Induction Proof for Sequences

Question

Given a sequence $s_k=s_{k-1}+6k$, where $s_0=7$.

Question: First, find the closed formula for the $n$-th component of this sequence by hand and then prove that your formula is correct

My attempt: I found the first couple of terms of the sequence to be $s_0=7$, $s_1=13$, $s_2=25$, $s_3=43$, $s_4=67$ and $s_5=97$.

I found the formula for the $n$-th term to be $s_n=3n^2+3n+7$.

Proof: Base case $s_0=7$ therefore $7=3\cdot(0)^2+3\cdot(0)+7$ so the formula works for the $s_0$ element.

I'm not sure how to proceed from here but I believe the proof should be a proof by Strong Induction. Any help will be greatly appreciated.

Answer 1

It seems to me that induction is not needed here. Fix $k\in\Bbb N.$ A direct computation shows that $s_k-s_{k-1}=6k$ and $s_0=7.$ However, there is another problem: both induction, and my method show that if $s_k=3k^2+3k+7$, then $s_{k}=s_{k-1}+6k$. In fact, whe should prove the converse: if $s_{k}=s_{k-1}+6k$ and $s_0=7$, then $s_k=3k^2+3k+7$. I will look for some reasoning going in this direction.

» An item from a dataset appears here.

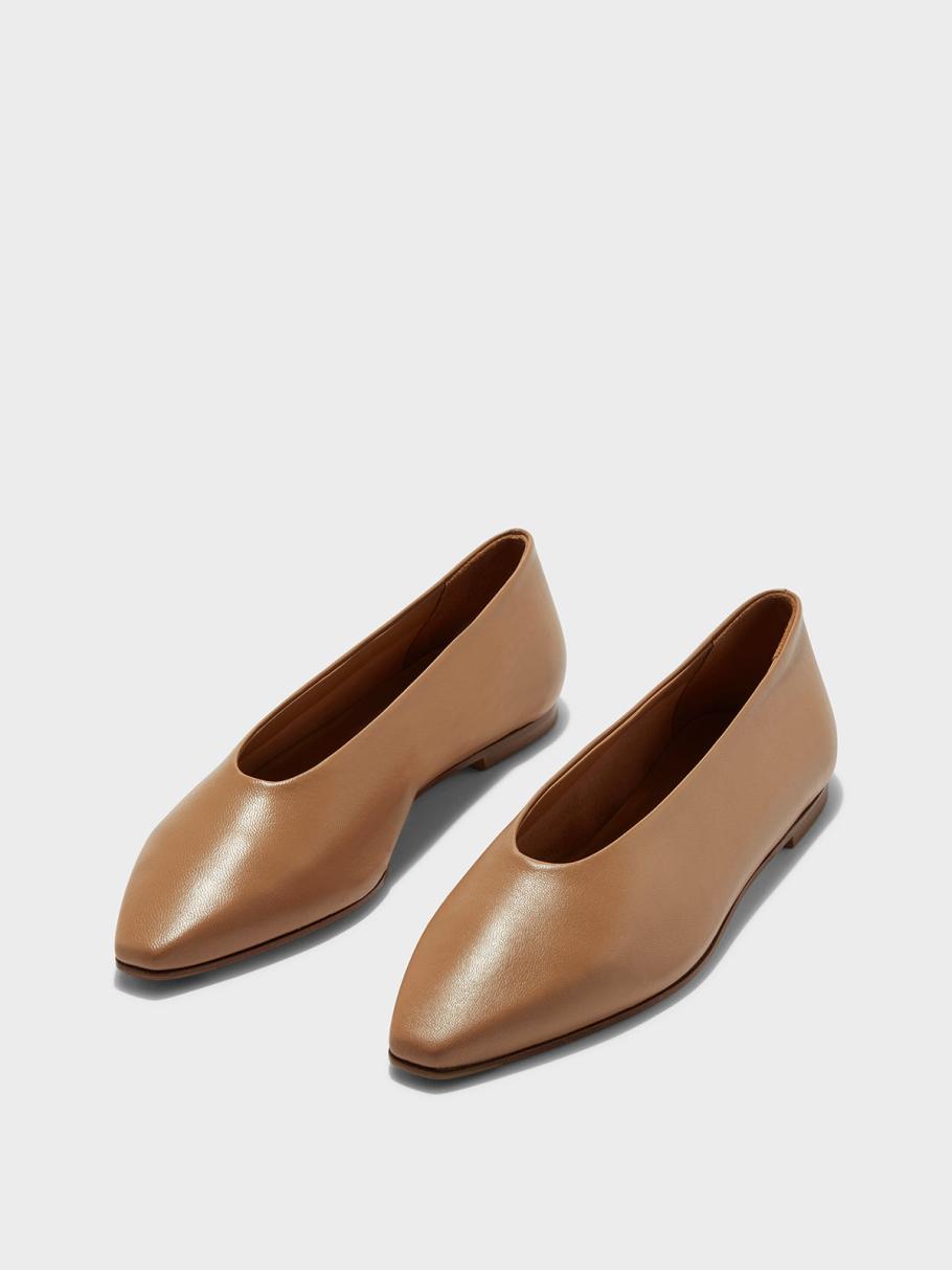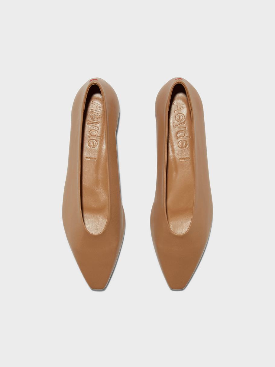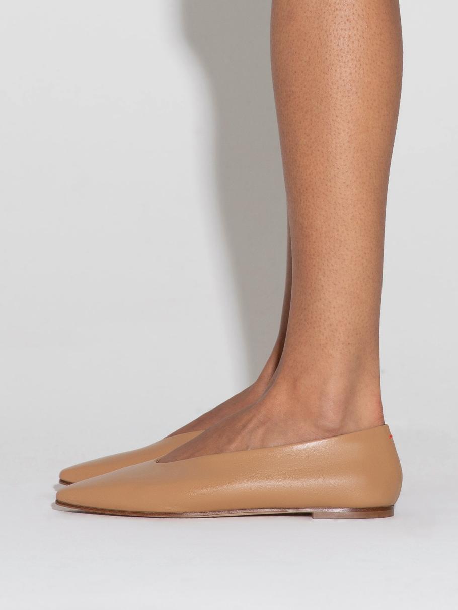 Aeyde’s Betty ballerina flats are sleek and simple flats that go with everything. They have a comfortable, close fit due to the craftsmanship and subtle squared-off toes.

Let $s_0=7$ and $s_{k}=s_{k-1}+6k.$ Define $t_k=s_k-3k^2-3k-7.$ Then $t_0=0$. It is easy to prove (by direct computation) that $t_k=t_{k-1}$, so $(t_k)$ is a constant (in fact, zero) sequence. Then $s_k=3k^2+3k+7.$

Answer 2

You just apply the recurrence to your induction hypothesis.

If $s_n=3n^2+3n+7 $, then, since $s_k=s_{k-1}+6k $,

$\begin{array}\\ s_{n+1} &=s_n+6(n+1)\\ &=3n^2+3n+7+6(n+1)\\ &=3n^2+9n+13\\ \end{array} $

If your hypothesis is true, then

$\begin{array}\\ s_{n+1} &=3(n+1)^2+3(n+1)+7\\ &=3(n^2+2n+1)+3(n+1)+7\\ &=3n^2+6n+3+3n+3+7\\ &=3n^2+9n+13\\ \end{array} $

This matches the result from the induction step, so the induction hypothesis is proved.

Answer 3

FYI, here is a way to determine what the closed formula is without having to determine it by hand. This is an extension of the answer given by szw1710. The given sequence is

$$s_k=s_{k-1}+6k \tag{1}\label{eq1}$$

Summing both sides of \eqref{eq1} from $1$ to $n$ gives that

$\sum_{k=1}^{n}s_k = \sum_{k=1}^{n}s_{k-1} + \sum_{k=1}^{n}6k$

$\sum_{k=1}^{n-1}s_k + s_n = s_0 + \sum_{k=1}^{n-1}s_{k} + 6\frac{n(n+1)}{2}$

$s_n = 7 + 3n(n+1) = 3n^2 + 3n + 7$

As you can see, this technique can easily be used in any cases where you have $s_k = s_{k-1} + f(k)$ and the sum of $f(k)$ up to $k = n$ can be fairly easily determined.

More generally, your question is a fairly simple example of Linear Recurrence Relations with Constant Coefficients. You can use a certain technique of a characteristic equation, as described in that link, to directly determine the solution of even considerably more complicated such equations.